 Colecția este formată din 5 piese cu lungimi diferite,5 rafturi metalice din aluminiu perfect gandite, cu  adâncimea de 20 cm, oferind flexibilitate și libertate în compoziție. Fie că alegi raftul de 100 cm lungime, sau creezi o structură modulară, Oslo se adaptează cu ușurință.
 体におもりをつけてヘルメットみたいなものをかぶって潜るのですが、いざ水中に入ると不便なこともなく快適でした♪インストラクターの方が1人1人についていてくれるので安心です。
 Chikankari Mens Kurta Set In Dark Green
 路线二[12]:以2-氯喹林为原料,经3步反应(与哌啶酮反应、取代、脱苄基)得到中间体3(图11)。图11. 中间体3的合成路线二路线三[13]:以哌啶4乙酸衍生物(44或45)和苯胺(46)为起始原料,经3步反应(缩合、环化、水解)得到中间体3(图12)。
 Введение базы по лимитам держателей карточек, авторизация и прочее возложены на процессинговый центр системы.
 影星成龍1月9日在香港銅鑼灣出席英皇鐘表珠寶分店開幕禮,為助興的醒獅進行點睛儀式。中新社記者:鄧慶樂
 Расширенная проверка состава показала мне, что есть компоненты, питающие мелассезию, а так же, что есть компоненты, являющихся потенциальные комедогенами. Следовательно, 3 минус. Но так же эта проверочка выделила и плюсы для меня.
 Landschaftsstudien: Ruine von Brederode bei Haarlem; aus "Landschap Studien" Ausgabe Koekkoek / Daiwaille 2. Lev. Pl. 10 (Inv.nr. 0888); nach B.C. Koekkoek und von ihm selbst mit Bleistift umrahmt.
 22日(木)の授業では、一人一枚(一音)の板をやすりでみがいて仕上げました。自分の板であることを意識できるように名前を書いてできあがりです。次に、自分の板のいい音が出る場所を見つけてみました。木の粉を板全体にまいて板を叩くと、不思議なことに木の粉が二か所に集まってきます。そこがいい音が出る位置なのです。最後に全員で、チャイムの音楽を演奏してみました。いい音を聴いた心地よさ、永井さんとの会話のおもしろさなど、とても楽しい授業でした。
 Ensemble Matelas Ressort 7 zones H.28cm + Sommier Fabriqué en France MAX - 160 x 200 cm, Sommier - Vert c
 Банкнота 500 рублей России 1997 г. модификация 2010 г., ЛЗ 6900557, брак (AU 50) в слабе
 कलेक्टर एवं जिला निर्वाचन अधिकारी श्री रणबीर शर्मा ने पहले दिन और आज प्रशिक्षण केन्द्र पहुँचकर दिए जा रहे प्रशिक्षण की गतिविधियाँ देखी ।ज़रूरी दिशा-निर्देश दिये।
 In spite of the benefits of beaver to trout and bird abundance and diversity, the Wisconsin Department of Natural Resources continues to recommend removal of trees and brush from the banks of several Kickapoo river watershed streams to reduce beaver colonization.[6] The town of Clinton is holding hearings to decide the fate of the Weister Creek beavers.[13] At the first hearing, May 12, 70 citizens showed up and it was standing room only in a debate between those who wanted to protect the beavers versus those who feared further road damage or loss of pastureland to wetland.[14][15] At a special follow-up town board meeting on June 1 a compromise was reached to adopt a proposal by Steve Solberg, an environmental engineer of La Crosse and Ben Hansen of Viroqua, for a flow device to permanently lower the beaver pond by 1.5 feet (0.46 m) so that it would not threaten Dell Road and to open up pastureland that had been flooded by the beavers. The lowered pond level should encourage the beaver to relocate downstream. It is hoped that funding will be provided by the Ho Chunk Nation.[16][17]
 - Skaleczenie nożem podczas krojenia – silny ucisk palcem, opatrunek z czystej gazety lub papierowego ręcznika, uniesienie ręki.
-.-.-
_Exercise objective_.
Reproduce the material. Keep every word as written.

_Answer section_.
 Colecția este formată din 5 piese cu lungimi diferite,5 rafturi metalice din aluminiu perfect gandite, cu  adâncimea de 20 cm, oferind flexibilitate și libertate în compoziție. Fie că alegi raftul de 100 cm lungime, sau creezi o structură modulară, Oslo se adaptează cu ușurință.
 体におもりをつけてヘルメットみたいなものをかぶって潜るのですが、いざ水中に入ると不便なこともなく快適でした♪インストラクターの方が1人1人についていてくれるので安心です。
 Chikankari Mens Kurta Set In Dark Green
 路线二[12]:以2-氯喹林为原料,经3步反应(与哌啶酮反应、取代、脱苄基)得到中间体3(图11)。图11. 中间体3的合成路线二路线三[13]:以哌啶4乙酸衍生物(44或45)和苯胺(46)为起始原料,经3步反应(缩合、环化、水解)得到中间体3(图12)。
 Введение базы по лимитам держателей карточек, авторизация и прочее возложены на процессинговый центр системы.
 影星成龍1月9日在香港銅鑼灣出席英皇鐘表珠寶分店開幕禮,為助興的醒獅進行點睛儀式。中新社記者:鄧慶樂
 Расширенная проверка состава показала мне, что есть компоненты, питающие мелассезию, а так же, что есть компоненты, являющихся потенциальные комедогенами. Следовательно, 3 минус. Но так же эта проверочка выделила и плюсы для меня.
 Landschaftsstudien: Ruine von Brederode bei Haarlem; aus "Landschap Studien" Ausgabe Koekkoek / Daiwaille 2. Lev. Pl. 10 (Inv.nr. 0888); nach B.C. Koekkoek und von ihm selbst mit Bleistift umrahmt.
 22日(木)の授業では、一人一枚(一音)の板をやすりでみがいて仕上げました。自分の板であることを意識できるように名前を書いてできあがりです。次に、自分の板のいい音が出る場所を見つけてみました。木の粉を板全体にまいて板を叩くと、不思議なことに木の粉が二か所に集まってきます。そこがいい音が出る位置なのです。最後に全員で、チャイムの音楽を演奏してみました。いい音を聴いた心地よさ、永井さんとの会話のおもしろさなど、とても楽しい授業でした。
 Ensemble Matelas Ressort 7 zones H.28cm + Sommier Fabriqué en France MAX - 160 x 200 cm, Sommier - Vert c
 Банкнота 500 рублей России 1997 г. модификация 2010 г., ЛЗ 6900557, брак (AU 50) в слабе
 कलेक्टर एवं जिला निर्वाचन अधिकारी श्री रणबीर शर्मा ने पहले दिन और आज प्रशिक्षण केन्द्र पहुँचकर दिए जा रहे प्रशिक्षण की गतिविधियाँ देखी ।ज़रूरी दिशा-निर्देश दिये।
 In spite of the benefits of beaver to trout and bird abundance and diversity, the Wisconsin Department of Natural Resources continues to recommend removal of trees and brush from the banks of several Kickapoo river watershed streams to reduce beaver colonization.[6] The town of Clinton is holding hearings to decide the fate of the Weister Creek beavers.[13] At the first hearing, May 12, 70 citizens showed up and it was standing room only in a debate between those who wanted to protect the beavers versus those who feared further road damage or loss of pastureland to wetland.[14][15] At a special follow-up town board meeting on June 1 a compromise was reached to adopt a proposal by Steve Solberg, an environmental engineer of La Crosse and Ben Hansen of Viroqua, for a flow device to permanently lower the beaver pond by 1.5 feet (0.46 m) so that it would not threaten Dell Road and to open up pastureland that had been flooded by the beavers. The lowered pond level should encourage the beaver to relocate downstream. It is hoped that funding will be provided by the Ho Chunk Nation.[16][17]
 - Skaleczenie nożem podczas krojenia – silny ucisk palcem, opatrunek z czystej gazety lub papierowego ręcznika, uniesienie ręki.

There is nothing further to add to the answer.